Ocurrió que los hombres empezaron a pensar que el Universo entero cabía en sus cabezas. O mejor dicho, empezaron a pensar que lo que en adelante llamarían Universo no sería más que aquello que sus cabezas pudiesen alojar. No era tarea fácil porque, al fin y al cabo, sabían lo poco que de esos pobres receptáculos cabía esperar, pero aún así algunos emprendieron la labor y empezaron a imaginarse la realidad como un inmenso, infinito, papel en blanco, lienzo en blanco, sobre el cual la mente pudiese ir trazando fabulosos caracteres, configurando así el sitio en el que tendrían lugar las cosas y el modo en el que éstas sucederían.

Fantaseando un espacio infinito de infinitas formas entendieron que mente y mundo confabulaban, que la mente se expresaba haciéndose estelar materia en los inagotables pliegues y circuitos del Universo, y que el Universo se cifraba y se resumía en la densidad inaprensible de la idea. Y si así ocurriese estaríamos ante el más grande de los prodigios, ante la más excelsa de las taumaturgias, porque ni que decir tiene que aquel que lograse penetrar en tal portento de pronto comprendería que cualquier mínimo movimiento en las cosas del mundo supondría indefectible trastorno de la mente, y que un nuevo pensamiento alteraría sin remisión los espacios todos, en una especie de gigantesca reacción en cadena.

Universo en blanco, que tiene su centro en todas partes y su término en ninguna, mente como territorio que alberga la universal profusión de las claves y los enigmas, ambos imágenes especulares que sólo podrían entenderse conspirando.
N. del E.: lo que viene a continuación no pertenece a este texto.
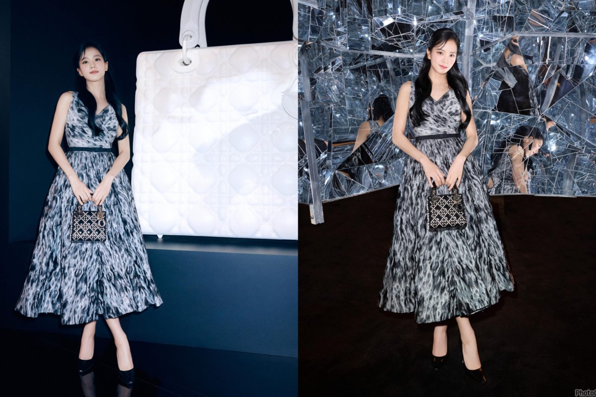 Jisoo 選擇穿上Dior 2023 秋冬系列印花洋裝與 Lady Dior 手袋,浪漫長捲髮搭配精緻粉嫩系淡妝,以柔美黑白色系展現靈動氣質,也呼應這次展覽給人的藝術氣息。
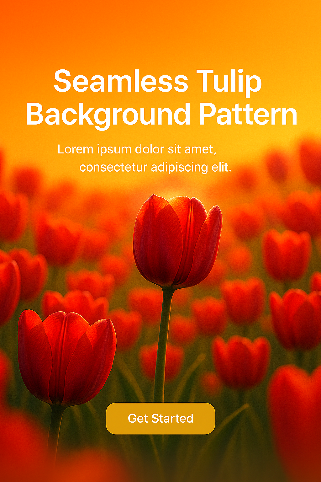 This image features a seamless background pattern of vibrant red tulips against a warm orange gradient. Ideal for use in digital designs and marketing materials.
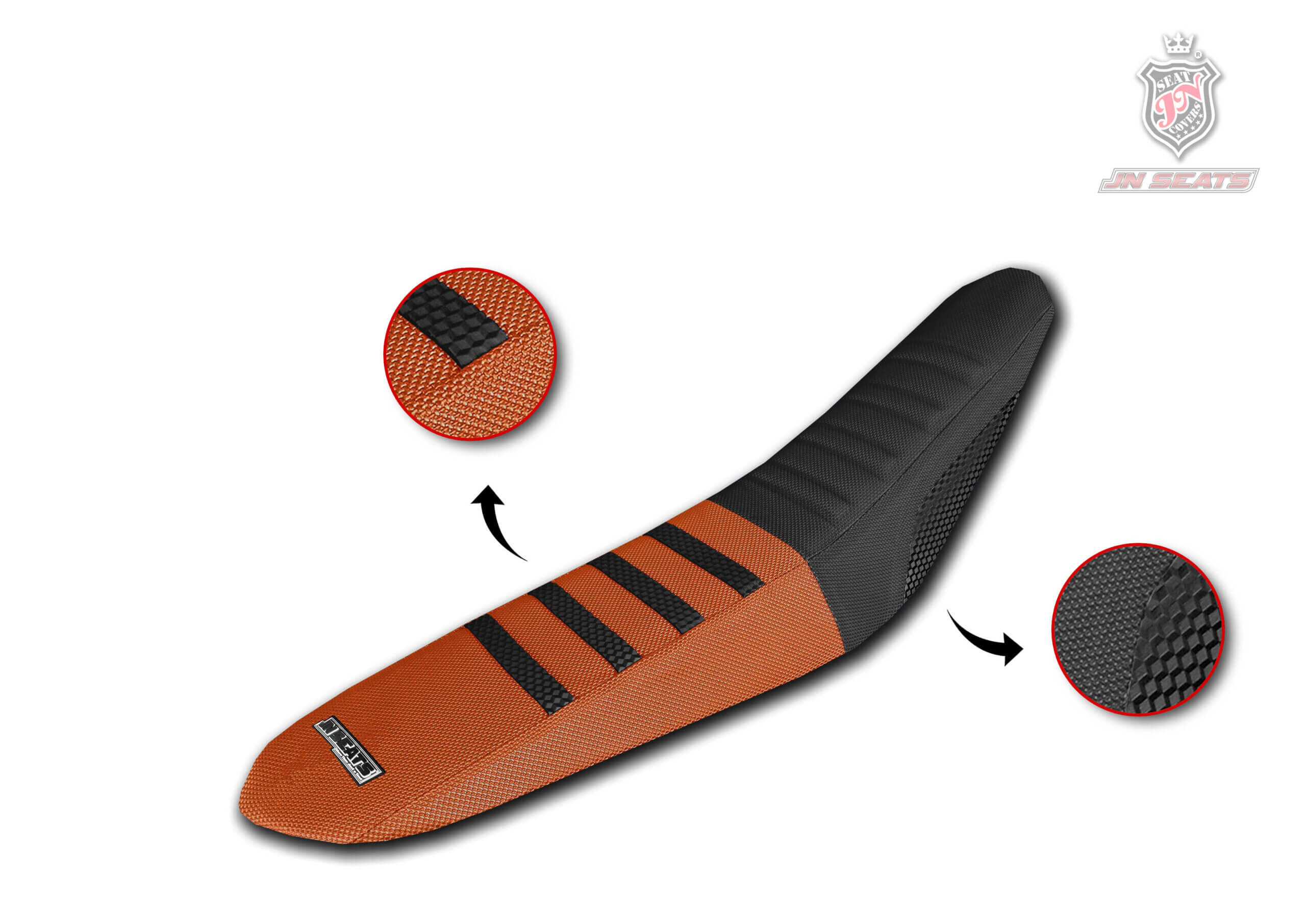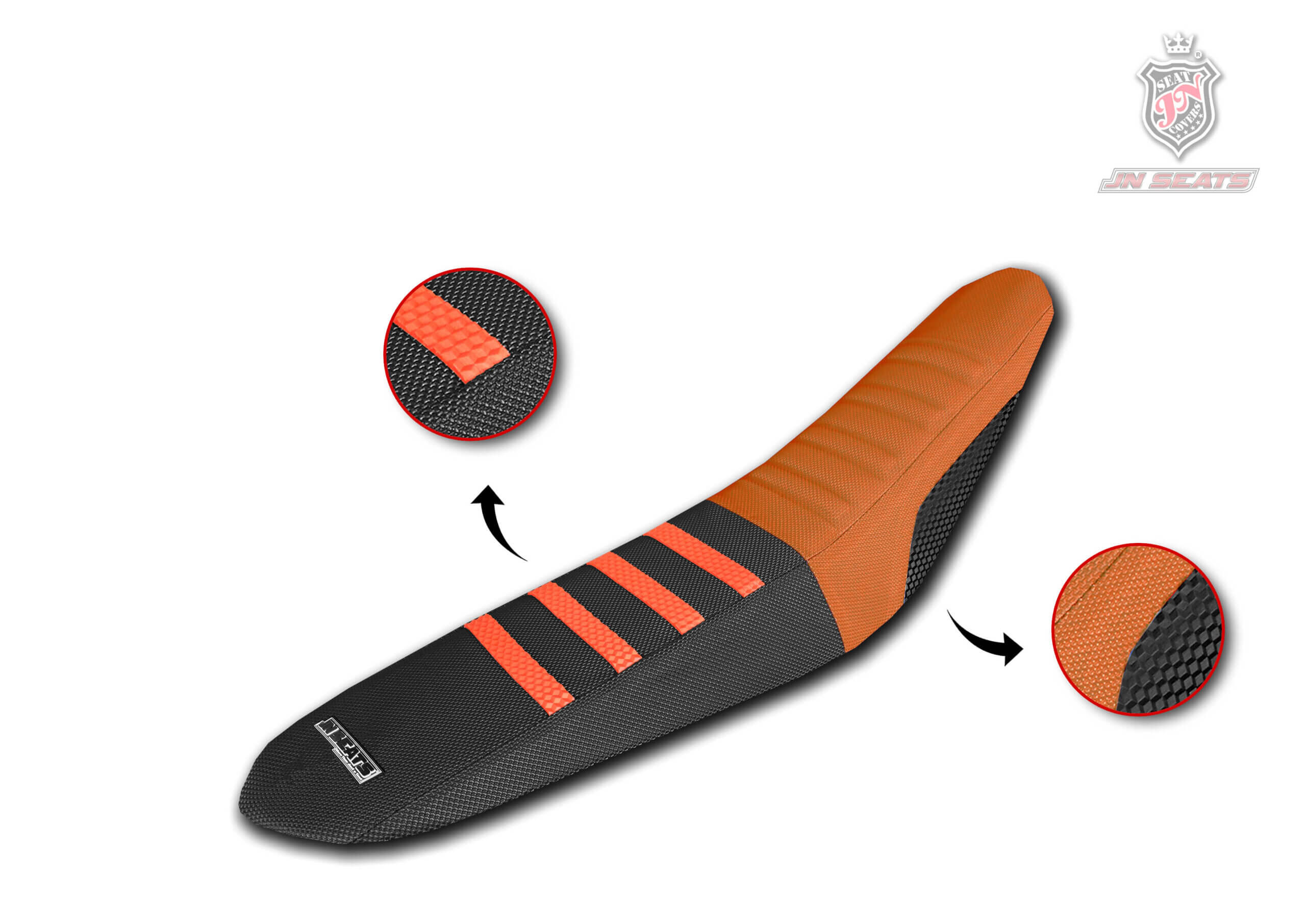 Esta funda de asiento para moto KTM de motocross está diseñada para el máximo agarre incluso en condiciones extremas de barro y lluvia. Cuenta con costuras reforzadas para aumentar su resistencia al desgaste y humps vulcanizados para un máximo agarre.

Tener por fin una idea y recorrer el camino que ésta dispone complicándose con las demás sería también recorrer los caminos del mundo todos; aún más, promover una nueva alianza de ideas, maridar los pensamientos con nuevos lazos, generaría en la redoma de la mental confusión un mundo por venir. El hidalgo manchego así lo cree y en los intersticios de su mente sueña otra cosa, que resulta ser la que es, porque ya no hay modo de ser cosa sin ser soñada. Y Hermes, el guardián de las mutaciones y de las encrucijadas, de este modo lo declara: «Por esta razón, Asclepios, el hombre es un gran milagro, un viviente digno de reverencia y honor. Pues posee la naturaleza de un dios como si él mismo fuera un dios; está familiarizado con el género de los demonios, sabedor de que procede del mismo principio».

En ese ir conociéndose la mente a sí misma que es ir conociendo el mundo este nuestro hombre de los misterios universales encuentra que sobre el vacío de las infinitas posibilidades las cosas, surgiendo del papel en blanco, se le van revelando como textos. La mente en su deambular de signo en signo va trazando un camino que sólo puede ser recorrido por el que sabe leer. Esto es, por el que sabe interpretar los signos. O dicho de otro modo, por el que se afana en la empresa de conocerse a sí mismo. Porque en el acto de interpretar tanto se revela el sentido del texto como el ser del intérprete. Porque Hermes, el sumo hermeneuta, es dios fronterizo y habita en el quicio de las puertas.

Milagro infinito éste del universo de los libros-espejos, que en lo mirado descubre al que mira –Las Meninas–, en lo narrado cuenta al que narra –el Quijote–, en lo geométricamente determinado pone de manifiesto la mente que desde lo matemático, esto es, desde sí misma, piensa toda geometría –el Discurso del Método–. Las cosas, textos, tejidos, se revelan como objetos de lectura y el mundo como un gran libro. Sumergido en esta empresa Descartes se dispone a indagar en el gran libro del mundo y en la ciencia que podría encontrar en sí mismo. Cervantes traza sobre una realidad de papel la más profunda y verdadera realidad de la vida. Y en los cuadros de Velázquez lo que tenemos es el cuadro del propio arte de pintar un cuadro. Todo es metateoría.

Veamos entonces el cuadro como un sortilegio de figuras que se refieren al mundo al mismo tiempo que al que así las concibe. No les pongamos nombre sino número, porque no podría ser de otra forma si el Universo está escrito en caracteres matemáticos, esto es, mediante los signos que la mente emplea en su afán de representarse a sí misma. ¿No sería la plenitud de toda empresa de conocimiento que lo racional fuera lo real y lo real lo racional?


Exploremos el mundo de las cosas y de la mente ensayando las mil variaciones que las formas y los colores concitan. Vaguemos por las innumerables ciudades pensables e invisibles: Samarkanda, Palmira, Babel, Alejandría, Éfeso, Biblos, Antioquía, Atenas, Bizancio...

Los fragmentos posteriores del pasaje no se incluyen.